Lars Hinneburg — Spleenlab GmbH
Sainan Liu — Intel Labs
Samuel Cerezo — Universidad Zaragoza
Yung-Hsiang Lu — Purdue University
Cang Ye — Professor, Department of Computer Science, Virginia Commonwealth University
Jason J. Corso — Professor of Robotics and EECS, University of Michigan and Chief Science Officer, Voxel51, Inc.
Cornelia Fermüller — Computer Vision Laboratory, UMIACS, University of Maryland
Michael Gleicher — Department of Computer Sciences, University of Wisconsin Madison
Amit K Roy-Chowdhury — Video Computing Group, Center for Robotics & Intelligent Systems, UC Riverside
Vinod Kulathumani — Amazon

Talks (13)

00:00:00 — Lars Hinneburg: Weakly Supervised End-to-End Deep Visual Odometry
- This talk presents a weakly supervised approach for deep visual odometry that reduces dependence on high-quality ground truth data by using estimated optical flow and RGB images, achieving state-of-the-art performance on the KITTI dataset.
00:11:54 — Sainan Liu: BAA-NGP: Bundle-Adjusting Accelerated Neural Graphics Primitives
- This talk introduces BAA-NGP, a novel method that combines BARF and Instant-NGP with NeRFACC sampling to simultaneously optimize camera poses and reconstruct 3D objects, achieving faster training times and supporting wider use cases compared to existing methods.

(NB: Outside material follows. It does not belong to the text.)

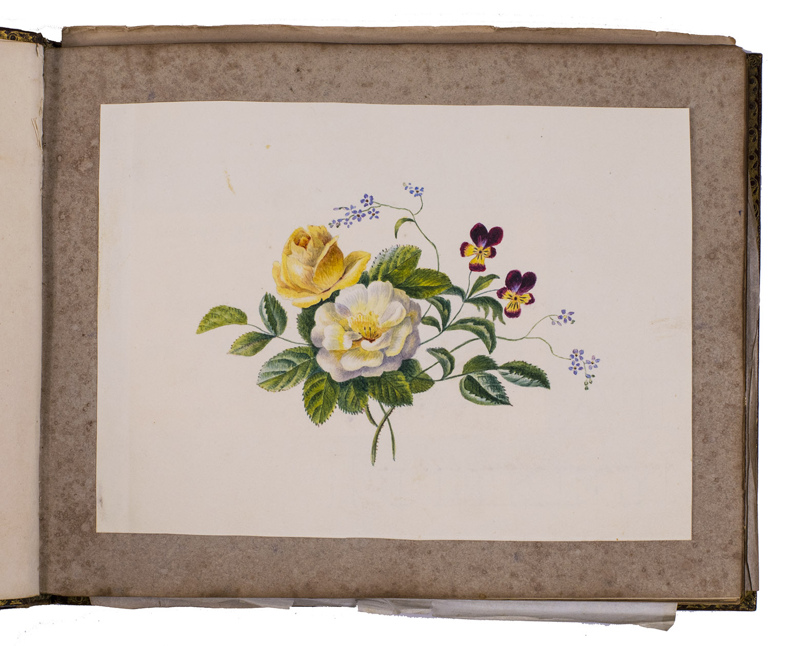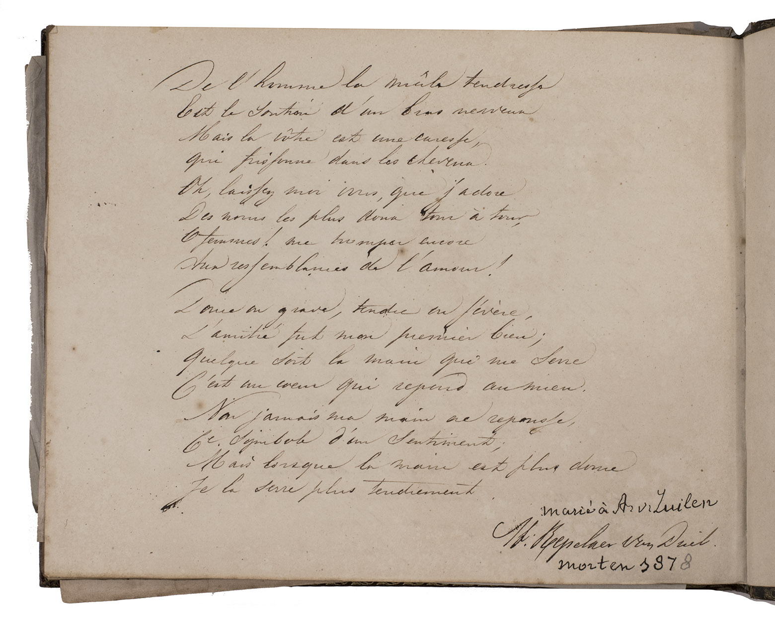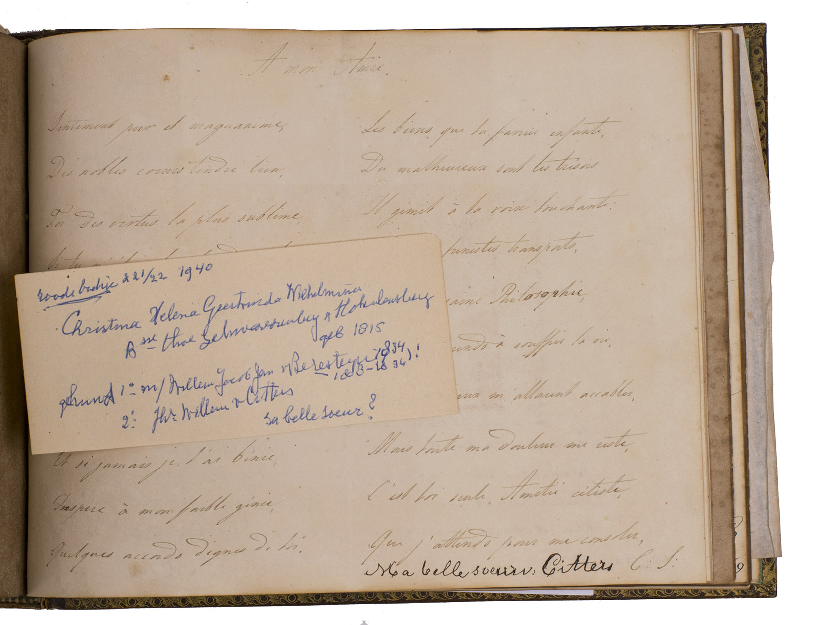 A beautiful example of a richly decorated and illustrated album amicorum, a book of poetry and a scrapbook in one. Alba amicorum were a popular and pleasant pastime at this time, as the first sentence of the album immediately makes clear: "Albums are all the rage, and scrap-books too". Although the album contains many poems by various poets, possibly mostly copied by the owner of the album herself, a girl from a noble family, probably Miss van Boetzelaer (?), the album also contains many contributions by others, particularly women. Examples are F. Testa, Adèle B., J. van Winter, H.v.W., A. van der Goes, H.G. v.d. G., J.C. van Beresteyn, H.J.B., C.B., A. de Schwartzenberg et Hohenlansberg, H. Repelaer van Driel, A.G. v. B. en A. de la B. The contributors probably made the drawings and watercolours to accompany their written entries and the owner mounted them in the album herself. Some of the most remarkable among the richly illustrated contributions are a loosely inserted mountain landscape in watercolour by Johannes van Ravenswaay (1815-1849), a bouquet with flowers in gouache by Wilhelma van Boetzelaer (an English teacher at the royal military academy at Breda) and another bouquet by A.J. Taets d'Amerongen née de Boetzelaer. Another beautiful drawing of three hummingbirds is executed in gouache and decorated with gold by Suzette van B., who wrote several contributions for this album. Also beautiful are a still life with fruits drawn by Mimi Stratenus, two gouaches of butterflies on pith paper by C. Bicker Borski and Christine van Berestyn, and gouache paintings of a rose by Elisa Hanbury and a butterfly by Dorothée Palland Sandberg. Also mounted in this album are engraved portraits of William Shakespeare (1564-1616) and Pierre Corneille (1606-1684), probably reflecting the poetic tastes of the albums owner. This album is not only a beautiful example of the alba amicorum culture among noble women, which flourished for centuries, but also a book for a woman made primarily by women, reflecting an important part of the culture of noble women in the first half of the 19th century.

00:34:00 — Samuel Cerezo: Camera Motion Estimation from RGB-D-Inertial Scene Flow
- This talk presents a novel camera motion estimation method that leverages RGB-D-Inertial scene flow, combining visual and inertial data with a compact optimization approach to achieve accurate and robust pose estimation for autonomous navigation.
00:54:45 — Yung-Hsiang Lu: Efficient Computer Vision for Edge Devices
- This talk discusses the critical need for efficient computer vision on edge devices due to energy constraints, network limitations, and privacy concerns, and introduces various methods like quantization, pruning, and hierarchical neural networks to achieve this efficiency.
01:16:27 — Cang Ye: Visual-Inertial Odometry for Small-sized Robots
- This part introduces the motivation for visual-inertial odometry (VIO) in resource-constrained devices like smartphones and robot canes, highlighting the challenges posed by varying camera intrinsic parameters (CIP) due to optical image stabilization (OIS) in modern phone cameras. It presents a proposed Graph SLAM method, CIP-VMobile, which treats CIP as a state variable and uses a linear CIP-acceleration model for initial estimation.
01:28:59 — Cang Ye: Extended Version: Visual-LiDAR-Inertial Odometry
- This part discusses extending the VIO method to incorporate LiDAR data, creating a Visual-LiDAR-Inertial Odometry (VLIO) system. It details the characterization of LiDAR measurement errors (range, mixed pixels) and how these are handled through data filtering and a hybrid PnP method for reprojection error. Experimental results show improved accuracy with VLIO compared to VINS-RGBD.
01:39:24 — Cang Ye: Issues Related to Real-world Navigation Scenarios
- This part addresses practical challenges in real-world navigation, such as large-scale indoor environments requiring loop-closure detection, scene/object recognition to limit pose error, handling dynamic objects using semantic information and RANSAC, and the significant challenge posed by reflective surfaces for visual methods.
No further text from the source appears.